L’economista Chiara Mio: «Sul lavoro delle donne, troppi gli imprenditori ancora guidati da pregiudizi»

«Il Nord Est è composto da una comunità molto avanzata dal punto di vista della sensibilità imprenditoriale. Ma credo che in questa fase la motivazione di mercato stia prevalendo sull’etica»: parla la professoressa a Ca’ Foscari e prima donna alla guida di una banca commerciale come presidente di FriulAdria
Giorgio Barbieri
Chiara Mio
Chiara Mio

«Il Nord Est è composto da una comunità molto avanzata dal punto di vista della sensibilità imprenditoriale. Ma credo che in questa fase la motivazione di mercato stia prevalendo sull’etica. E questo perché gli imprenditori si sono finalmente resi conto che le donne sono molto positive nella creazione del valore. Quindi va bene se analizziamo la cosa dal punto di vista dei risultati, ma se dovessimo fare un’analisi sociologica non credo che troveremo a Nord Est una situazione diversa rispetto ad altre parti d’Italia».

Ne è convinta l’economista Chiara Mio, professoressa a Ca’ Foscari e prima donna alla guida di una banca commerciale in qualità di presidente di FriulAdria. Il suo dunque è un osservatorio privilegiato, dato che descrive ciò che osserva quasi quotidianamente visti i suoi numerosi incarichi in consigli di amministrazione di aziende quotate.

Nonostante ci siano ancora forti disparità sui tassi di occupazione, le aziende del Nord Est sono tra le prime in Italia per certificazioni sulla parità di genere. Un buon segnale?

«La lettura sul genere va fatta prendendo in considerazione tre elementi: il tasso di attività, ossia quante donne dichiarano di essere disposte a lavorare, il tasso di occupazione e disoccupazione e infine come le donne vengono impiegate e pagate. Sul tasso di attività ci sono ancora troppe donne che si formano ma che successivamente rinunciano alla carriera. E questo sì è un problema che chiama in causa il patriarcato, perché accettiamo che sia considerato normale che siano prevalentemente le donne ad occuparsi della famiglia. Questo però è un tema culturale che non si modifica a breve termine».
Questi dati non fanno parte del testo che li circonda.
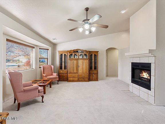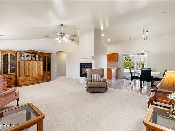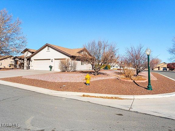 HUGE PRICE REDUCTION means this wonderful home is now an AMAZING OPPORTUNITY! Minutes from Prescott, but with a quiet, Small Town vibe - You'll feel you've gone back in time. Located in the lovely Parkside Village Community, this darling home has such a beautiful setting! Private corner lot has expansive green grassy yard, fruit trees, flower gardens and a lemonade worthy, extended paver porch. The house features a wonderful split floorplan with bay windows, freshly carpeted floors, vaulted ceilings, walk-in pantry, oversized 3 car garage and HVAC! Primary has garden tub, walk-in shower and large closet. Enjoy the nearby hiking, parks, quaint farms and restaurants in your charming, new ''Mayberry in Arizona'' home!
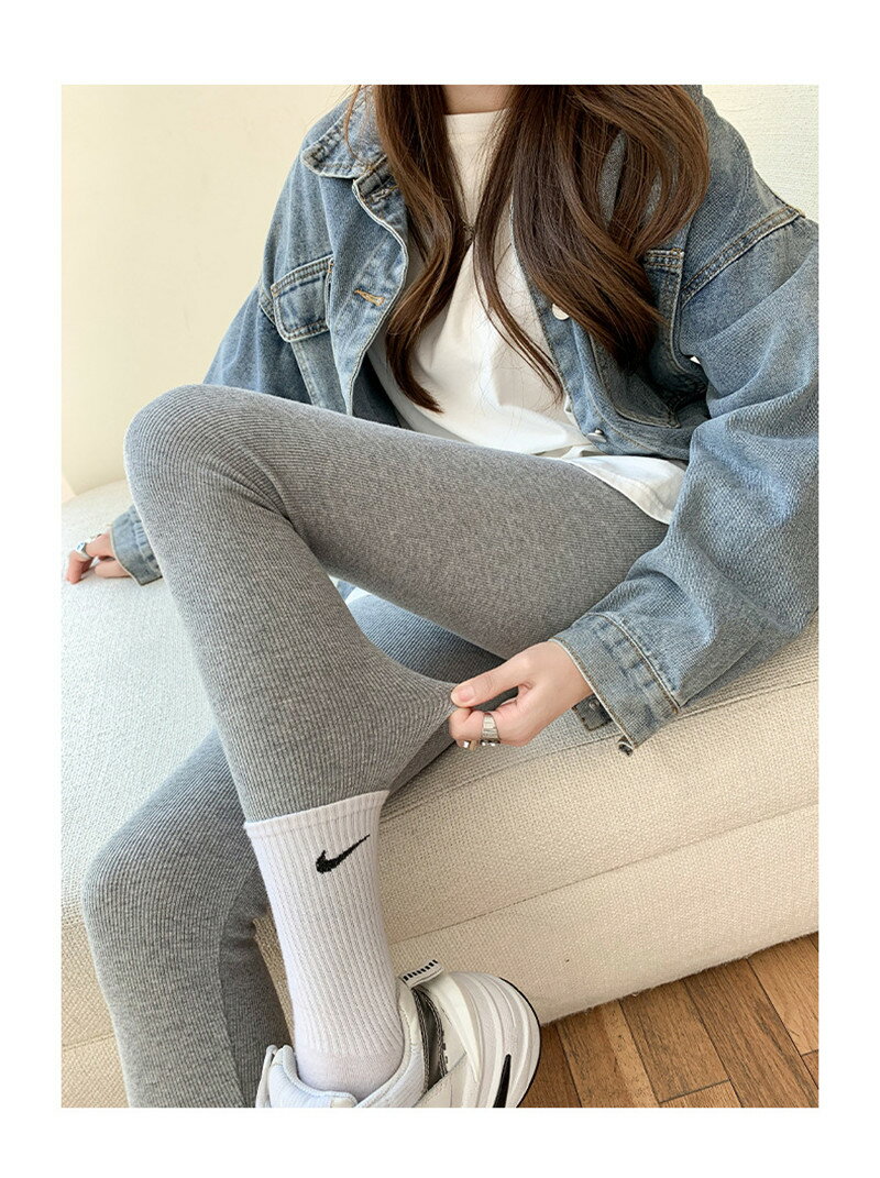 ブラック グレー オフホワイト ベージュ リブニット レギンスパ

Anche per quanto riguarda i tassi di occupazione i numeri non sono confortanti.

«I dati mostrano che nei casi di crisi aziendali sono sempre le donne a uscire dal mercato del lavoro più facilmente, cosa che dimostra prima di tutto una modalità di approccio alla risorsa umana ancora caratterizzata da pregiudizi. Dobbiamo anche aiutare le aziende a capire che se dimostra solidarietà, ossia si mette in campo una strategia di lungo termine, la risorsa umana femminile restituisce tutto quello che ha ricevuto».

Resta poi il tema dei salari.

«Il gender pay gap è la grande ingiustizia, ma se si vuole si può eliminare subito. Mentre richiede lunghi processi culturali modificare ciò di cui abbiamo parlato fino ad ora, per il gender pay gap si tratta solo di prenderne atto e di agire. Invito gli imprenditori a vedere le statistiche all’interno delle loro aziende: in media, a parità di livello gerarchico, le donne guadagnano meno. Le situazioni storiche non si possono sanare in poco tempo, ma si può intervenire sugli assunti negli ultimi anni e apportare correttivi sulla velocità di carriera e sul gender pay gap».

A livello manageriale le cose non vanno meglio. Sono infatti poche le donne presenti nei board delle Top 100 aziende del Nord Est.

«La situazione è ancora più critica se si enucleano le appartenenti alla famiglia: per merito pochissime arrivano ai vertici, il soffitto di cristallo è molto spesso. In questo senso il Nord Est è messo molto peggio della Lombardia».

È un problema che riguarda i passaggi generazionali?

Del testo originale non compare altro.